In brief, all present biochips are principally directed to the object of maximizing the probe density in the reactor, in order to maximize the number of detected target molecules using a reactor. The probe density has been thousands and even ten thousands of probes per square centimeter, and a higher probe density is being developed. The corresponding spotter and scanner are also designed and manufactured for this purpose. Althrough having some advantages, the above-mentioned biochips present a great average substrate area per reactor. It is the average substrate area per reactor which determine the cost of biochip, in case of analyzing a sample with a few types of target molecules, e.g. less than 100 types. Only a few kinds of probe are needed for analyzing a few kinds of target molecule in a reactor. So, a pending problem in the yield is to maximize number of reactor in a substrate within a limited area.

Invention Contents

So, this invention provides a biochip, consisting primarily of one or several dieplates and one or several substrates with or without probe immobilized, and comprising a maximized number of reactor, wherein: said maximization of said reactor number is realized by minimizing structure-covered area on the substrate and/or maximizing effective area on the substrate, wherein said structure is partition structure of the reactor and/or structure other than the reactor; and said partition structure is characteristically based on surface partition, hydrophobic surface partition, or height-difference partition.

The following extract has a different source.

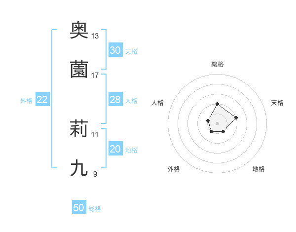 奥薗 莉九さんを姓名の画数から五運を鑑定

In an embodiment, the subject invention provides a biochip in which said dieplate and said substrate form, through connection, one or several closed flow reactors with inlet and outlet. In the biochip, said dieplate and said substrate are connected either reversibly or irreversibly. The reversible connection, dis-connectable when desired, is performed with one or more following forces: a). mechanical force generated by gravity, elasticity, screws or fixture; b). magnetic force generated by magnet or electric magnet; c). removable adhesion force produced by adhesive; and which is. The dieplate is partial or entire machine-eliminable when it is desired to open the top or/and to decrease the height of said reactor formed by said irreversible connection.

In other embodiment, the subject invention provides a biochip in which the partition structure includes a concave structure. In the biochip, the concave structure contains one or more of the following flow-controlling structures: a. hydrophilic material layer; b. hydrophobic material layer; c. layer of water-absorbing material based on capillary actions; and d. leading ditches, leading trough, leading strip helpful for flow-controlling.

In another embodiment, the subject invention provides a biochip with multiple reactors, in which the dieplate and the substrate are connected by adhesion and form multiple open reactors with a partition structure of a height of more than 0.7 mm. In the biochip, as required, the partition structure is either eliminable or height-deductible through removal of said adhesion or by mechanic action, wherein: a. the removal is performed with one or more following actions: a). physicochemical action of swelling and dissolving with water or/and organic solvents; b). physical action of ultrasonic wave; and c). mechanic action; and b. the mechanic action includes grinding, cutting, whittling or their combination.

In another embodiment, the subject invention provides a biochip with multiple reactors, in which a. the dieplate and the substrate form, through connection, multiple open reactors with special outlet region; and b. the partition structure on the dieplate presents a height of less than 1.0 mm and an hydrophobicity more than that of the substrate.

In the biochip with multiple reactors of this invention, the substrate presents a width of less than 20 mm when two or more lines of reactors are formed on a substrate; or the substrate presents a width of less than 9 mm when only one line of reactors are formed on a substrate.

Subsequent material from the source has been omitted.